* [Task objective]:
Each entry should be printed exactly, with its images omitted.

* [Records for the exercise]:

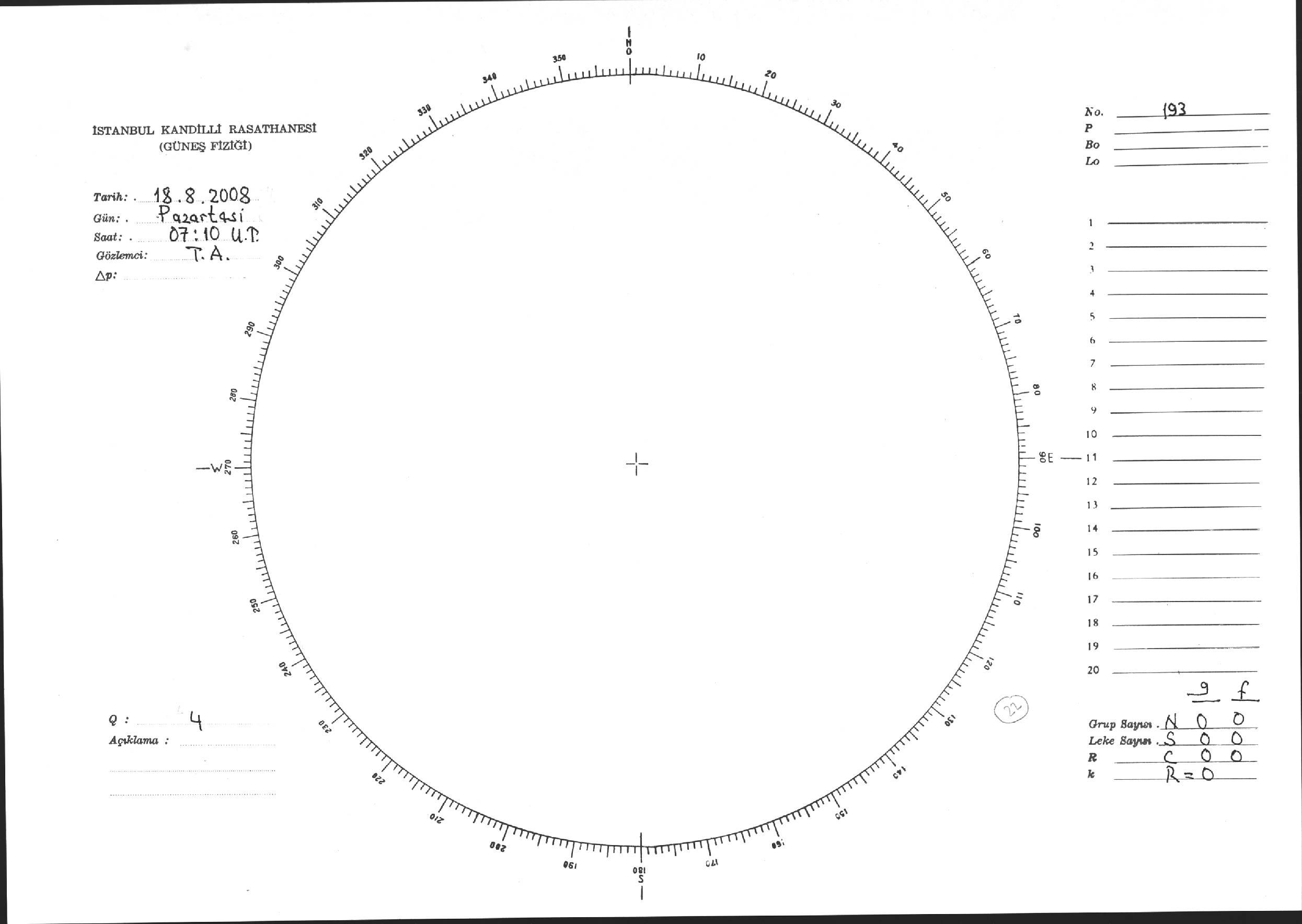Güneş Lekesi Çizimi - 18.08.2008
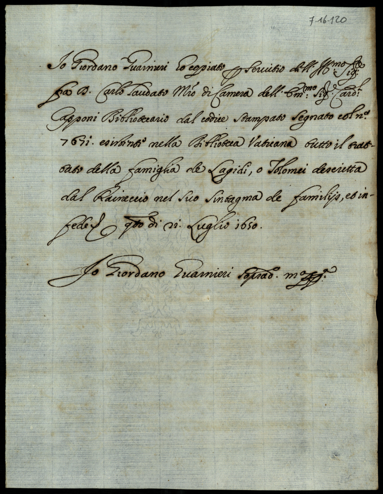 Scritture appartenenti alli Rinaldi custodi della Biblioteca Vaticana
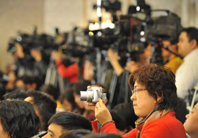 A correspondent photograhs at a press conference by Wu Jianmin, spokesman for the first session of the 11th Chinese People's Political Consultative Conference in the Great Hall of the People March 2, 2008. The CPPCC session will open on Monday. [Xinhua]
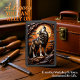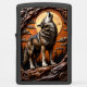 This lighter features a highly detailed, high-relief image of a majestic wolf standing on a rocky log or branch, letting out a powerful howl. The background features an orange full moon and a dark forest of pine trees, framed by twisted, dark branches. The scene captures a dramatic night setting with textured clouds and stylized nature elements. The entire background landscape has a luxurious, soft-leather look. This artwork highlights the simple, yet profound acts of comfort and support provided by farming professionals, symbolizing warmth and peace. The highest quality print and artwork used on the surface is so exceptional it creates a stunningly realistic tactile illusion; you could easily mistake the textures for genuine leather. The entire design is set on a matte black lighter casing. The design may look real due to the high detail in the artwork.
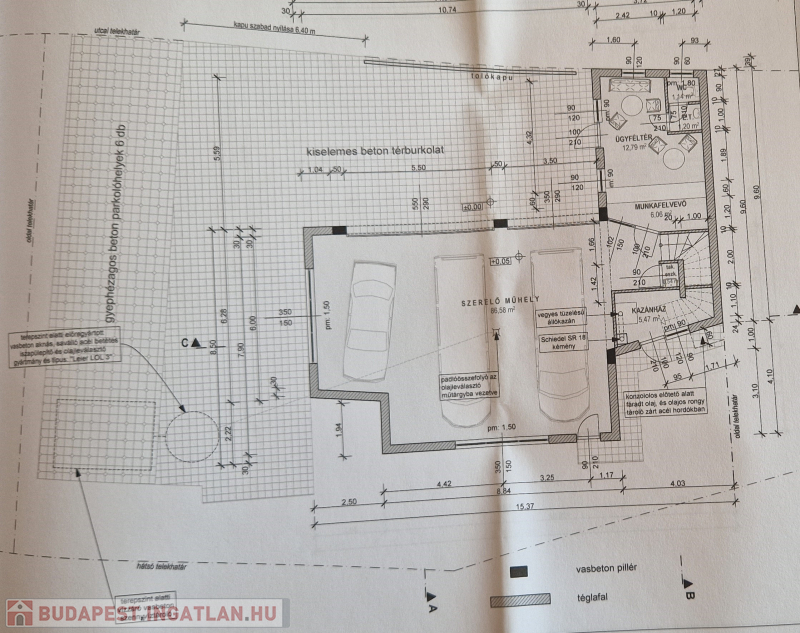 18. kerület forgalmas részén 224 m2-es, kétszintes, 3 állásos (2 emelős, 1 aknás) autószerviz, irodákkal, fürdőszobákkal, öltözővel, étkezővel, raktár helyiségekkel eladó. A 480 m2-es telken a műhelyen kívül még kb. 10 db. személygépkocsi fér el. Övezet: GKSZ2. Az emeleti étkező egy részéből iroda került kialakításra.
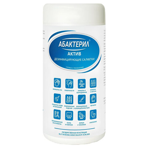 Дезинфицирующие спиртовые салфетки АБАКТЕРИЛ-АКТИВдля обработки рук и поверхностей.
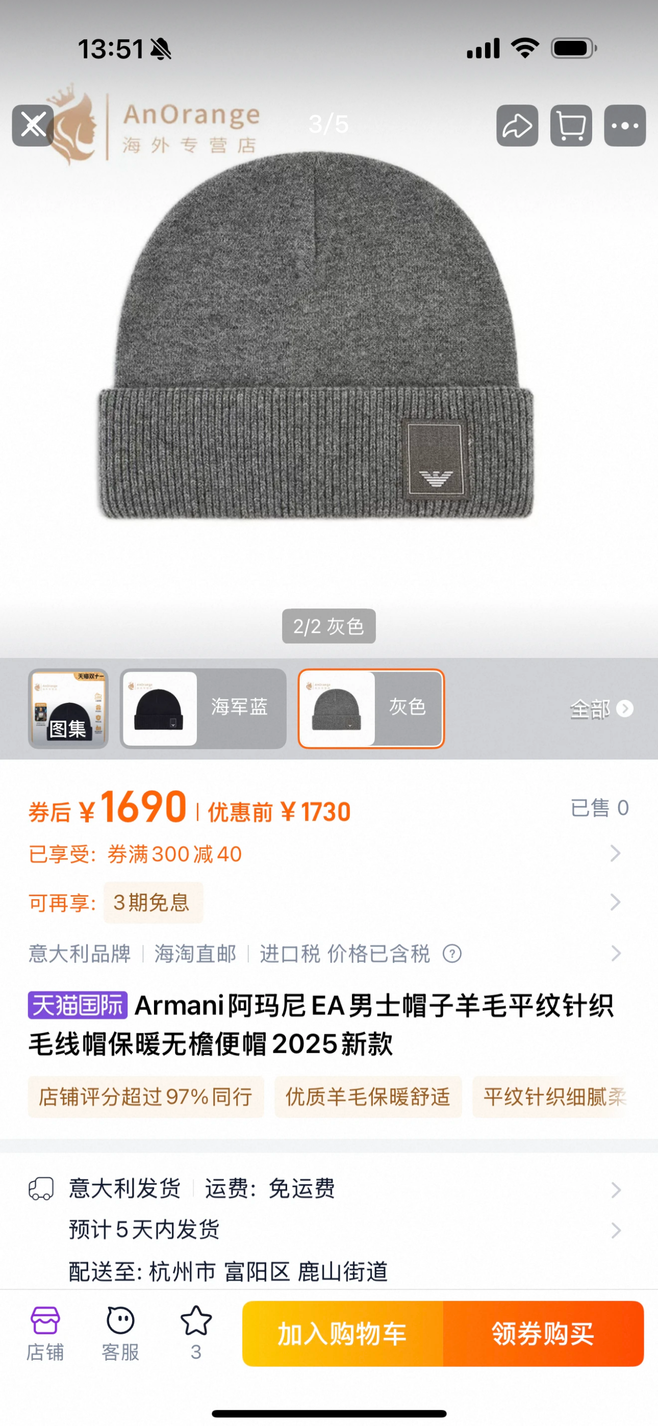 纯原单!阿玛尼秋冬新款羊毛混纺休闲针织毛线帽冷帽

* [Response]:
Güneş Lekesi Çizimi - 18.08.2008
 Scritture appartenenti alli Rinaldi custodi della Biblioteca Vaticana
 A correspondent photograhs at a press conference by Wu Jianmin, spokesman for the first session of the 11th Chinese People's Political Consultative Conference in the Great Hall of the People March 2, 2008. The CPPCC session will open on Monday. [Xinhua]
 This lighter features a highly detailed, high-relief image of a majestic wolf standing on a rocky log or branch, letting out a powerful howl. The background features an orange full moon and a dark forest of pine trees, framed by twisted, dark branches. The scene captures a dramatic night setting with textured clouds and stylized nature elements. The entire background landscape has a luxurious, soft-leather look. This artwork highlights the simple, yet profound acts of comfort and support provided by farming professionals, symbolizing warmth and peace. The highest quality print and artwork used on the surface is so exceptional it creates a stunningly realistic tactile illusion; you could easily mistake the textures for genuine leather. The entire design is set on a matte black lighter casing. The design may look real due to the high detail in the artwork.
 18. kerület forgalmas részén 224 m2-es, kétszintes, 3 állásos (2 emelős, 1 aknás) autószerviz, irodákkal, fürdőszobákkal, öltözővel, étkezővel, raktár helyiségekkel eladó. A 480 m2-es telken a műhelyen kívül még kb. 10 db. személygépkocsi fér el. Övezet: GKSZ2. Az emeleti étkező egy részéből iroda került kialakításra.
 Дезинфицирующие спиртовые салфетки АБАКТЕРИЛ-АКТИВдля обработки рук и поверхностей.
 纯原单!阿玛尼秋冬新款羊毛混纺休闲针织毛线帽冷帽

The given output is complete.